Only the lines below between the one holding "Remove the top" and the one holding "Restoration Robotics is", inclusive, are to be reproduced word for word; the pictures are to be left out.

### RECORDS TO USE
'''
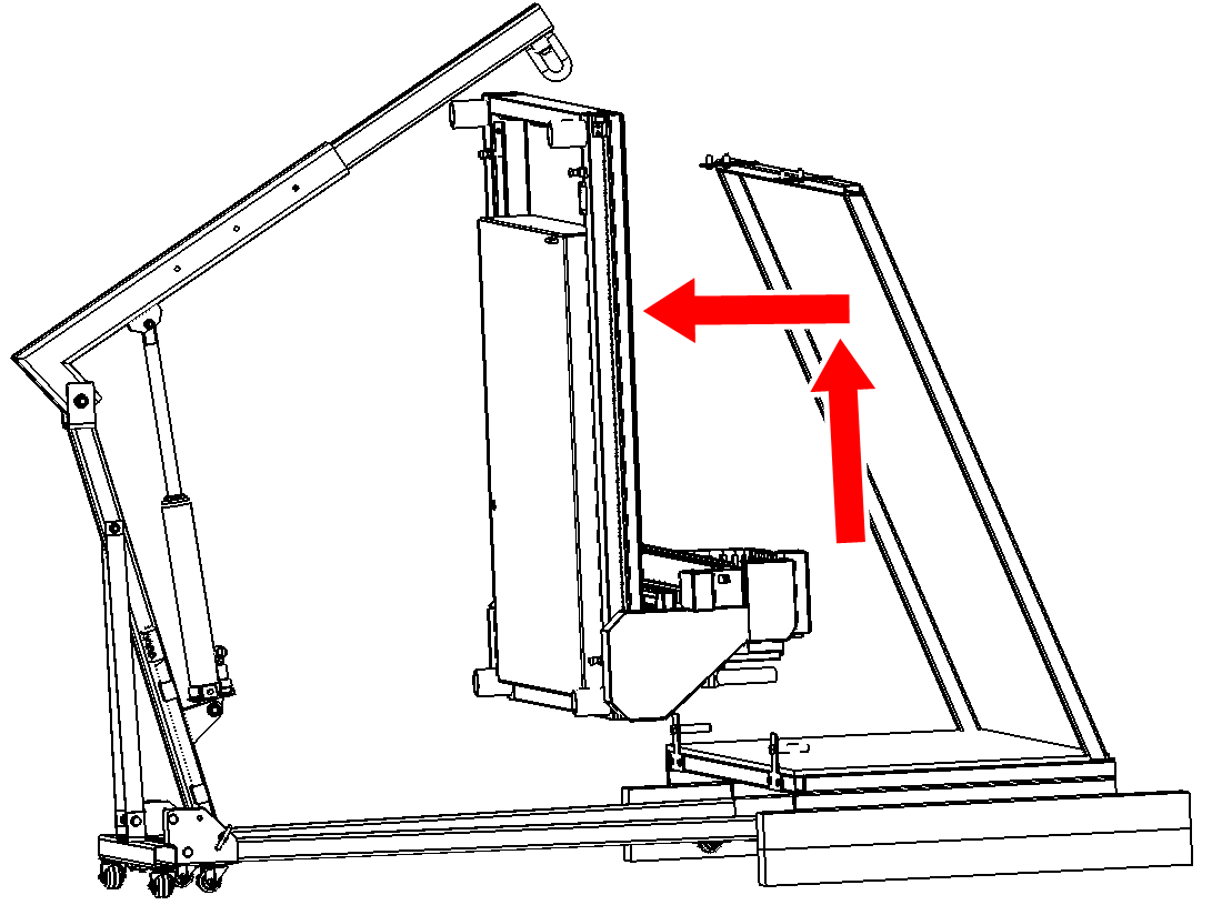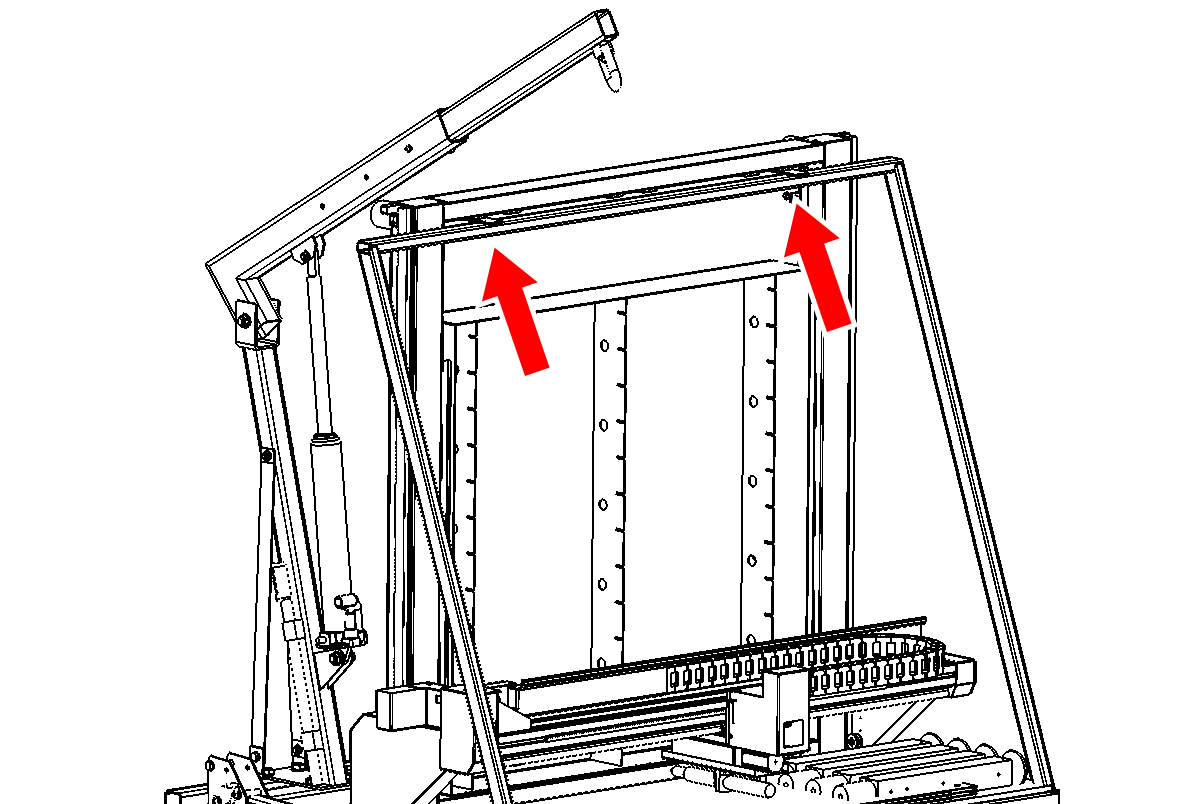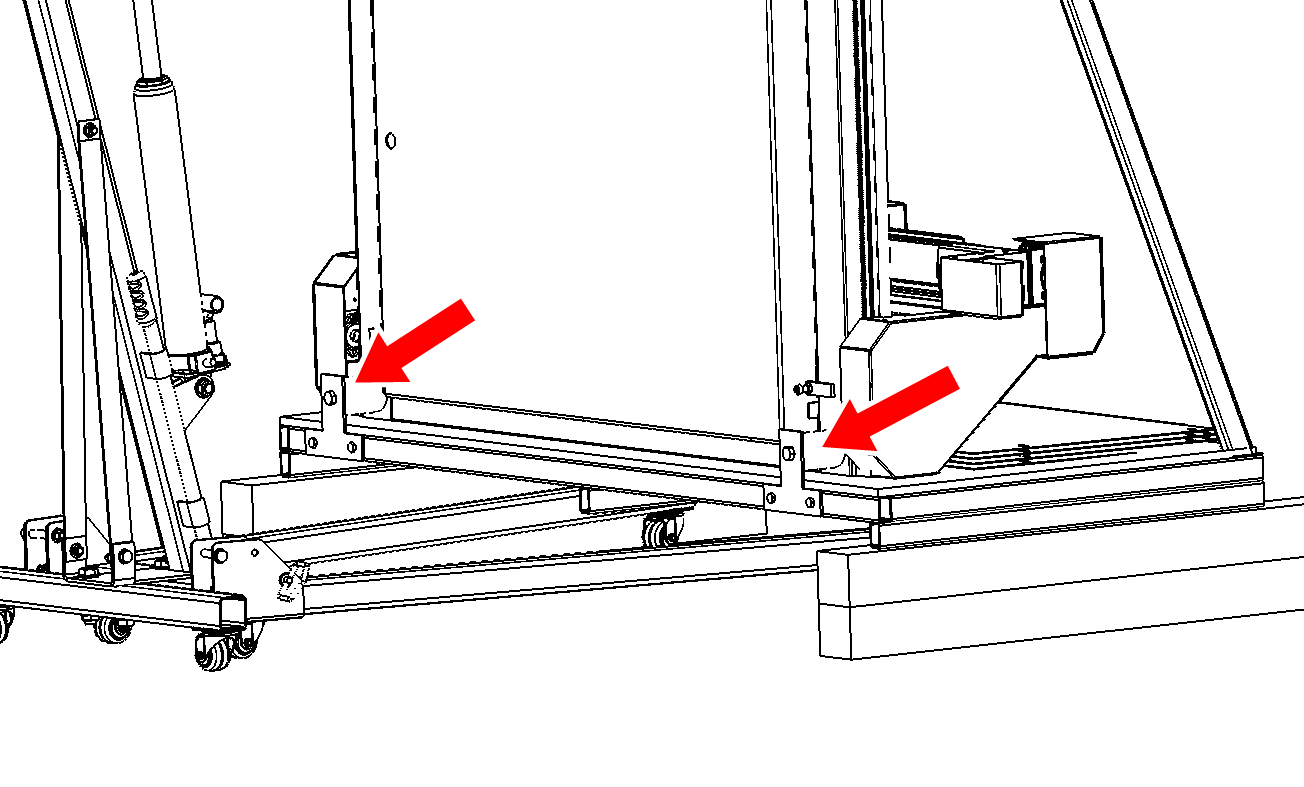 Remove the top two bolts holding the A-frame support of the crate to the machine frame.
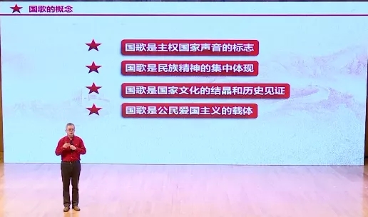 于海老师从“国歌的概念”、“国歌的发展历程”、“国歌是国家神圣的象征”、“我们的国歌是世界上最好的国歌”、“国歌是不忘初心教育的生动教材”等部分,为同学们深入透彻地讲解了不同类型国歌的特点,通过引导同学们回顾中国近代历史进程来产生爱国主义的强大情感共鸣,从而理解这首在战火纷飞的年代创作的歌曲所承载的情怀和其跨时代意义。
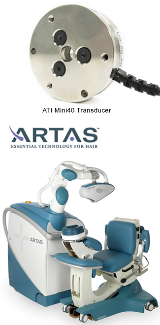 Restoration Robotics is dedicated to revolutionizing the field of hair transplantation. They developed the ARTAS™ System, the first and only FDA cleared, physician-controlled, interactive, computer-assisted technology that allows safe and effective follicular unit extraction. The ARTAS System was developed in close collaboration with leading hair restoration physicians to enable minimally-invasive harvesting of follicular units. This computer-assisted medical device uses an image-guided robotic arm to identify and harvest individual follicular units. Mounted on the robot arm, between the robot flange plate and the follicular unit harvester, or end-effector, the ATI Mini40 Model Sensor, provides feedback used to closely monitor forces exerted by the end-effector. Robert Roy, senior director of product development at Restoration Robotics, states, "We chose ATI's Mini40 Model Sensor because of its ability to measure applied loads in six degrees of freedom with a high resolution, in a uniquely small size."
'''
'''
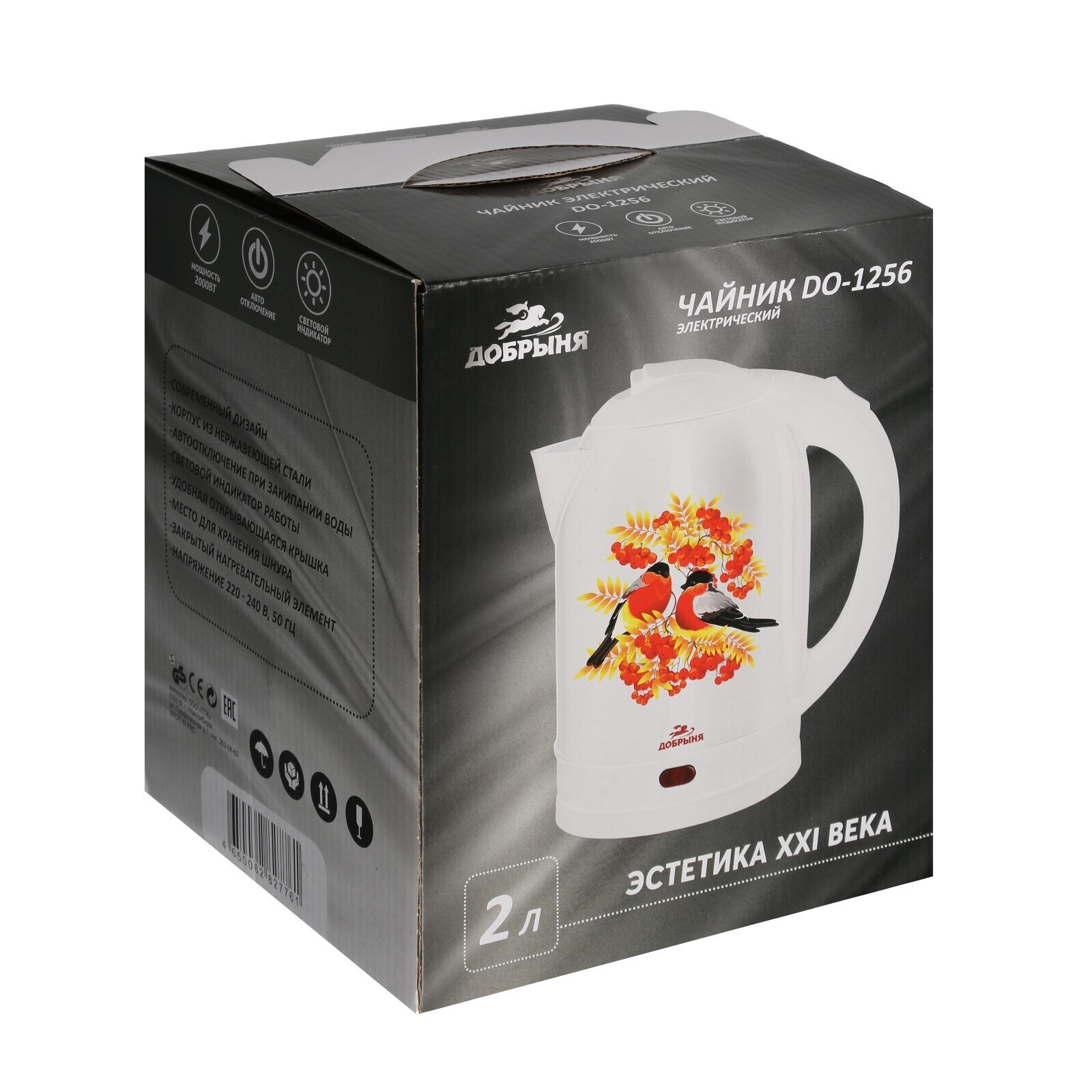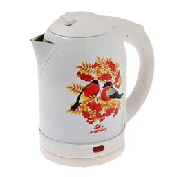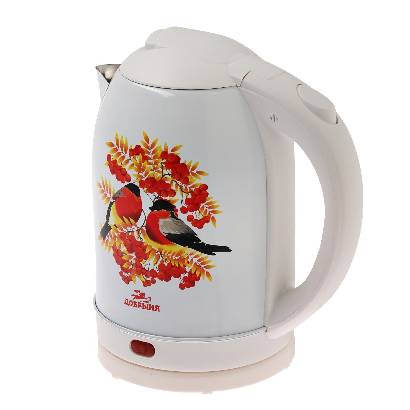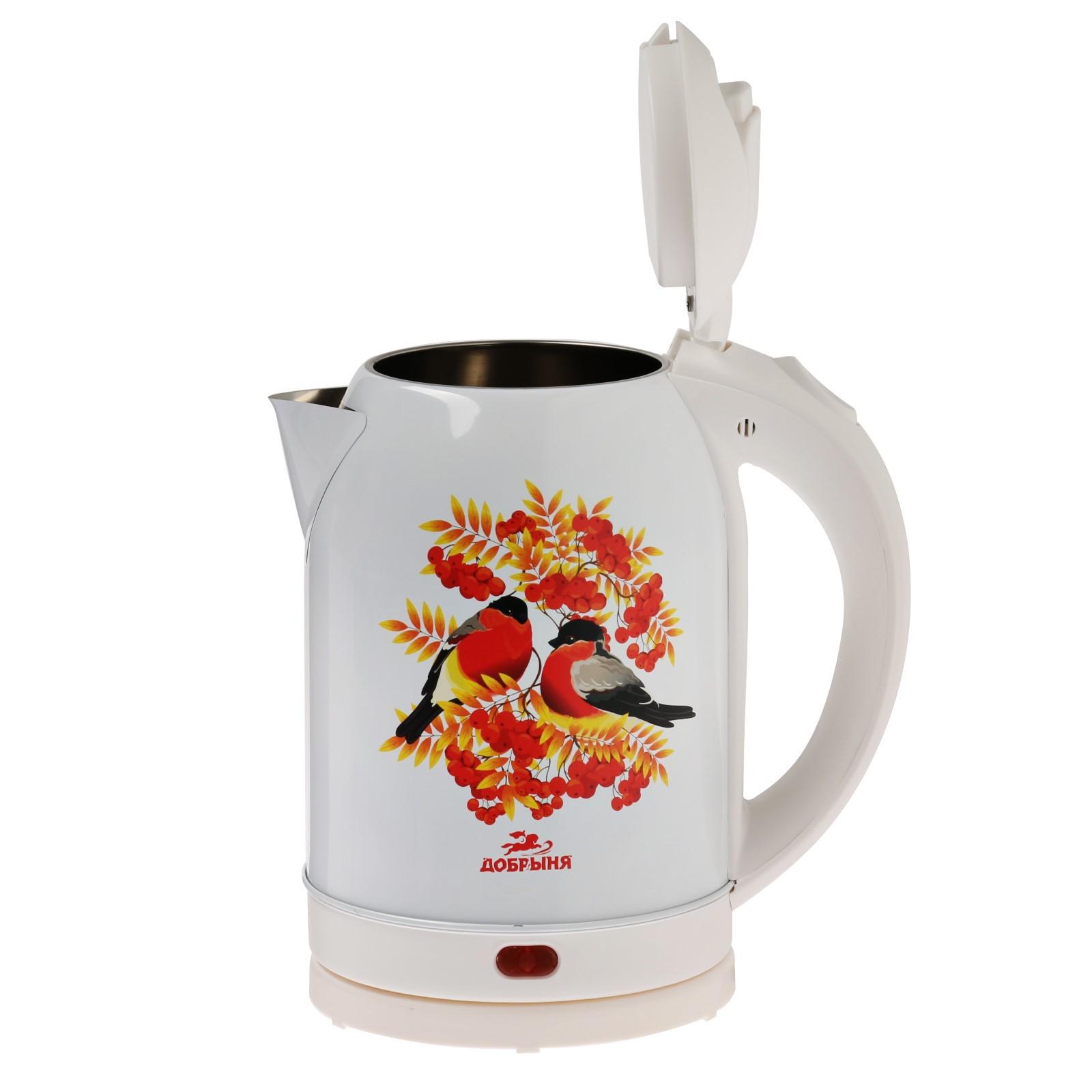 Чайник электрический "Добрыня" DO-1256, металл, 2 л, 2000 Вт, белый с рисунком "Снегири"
'''
### TASK OUTPUT
 Remove the top two bolts holding the A-frame support of the crate to the machine frame.
 于海老师从“国歌的概念”、“国歌的发展历程”、“国歌是国家神圣的象征”、“我们的国歌是世界上最好的国歌”、“国歌是不忘初心教育的生动教材”等部分,为同学们深入透彻地讲解了不同类型国歌的特点,通过引导同学们回顾中国近代历史进程来产生爱国主义的强大情感共鸣,从而理解这首在战火纷飞的年代创作的歌曲所承载的情怀和其跨时代意义。
 Restoration Robotics is dedicated to revolutionizing the field of hair transplantation. They developed the ARTAS™ System, the first and only FDA cleared, physician-controlled, interactive, computer-assisted technology that allows safe and effective follicular unit extraction. The ARTAS System was developed in close collaboration with leading hair restoration physicians to enable minimally-invasive harvesting of follicular units. This computer-assisted medical device uses an image-guided robotic arm to identify and harvest individual follicular units. Mounted on the robot arm, between the robot flange plate and the follicular unit harvester, or end-effector, the ATI Mini40 Model Sensor, provides feedback used to closely monitor forces exerted by the end-effector. Robert Roy, senior director of product development at Restoration Robotics, states, "We chose ATI's Mini40 Model Sensor because of its ability to measure applied loads in six degrees of freedom with a high resolution, in a uniquely small size."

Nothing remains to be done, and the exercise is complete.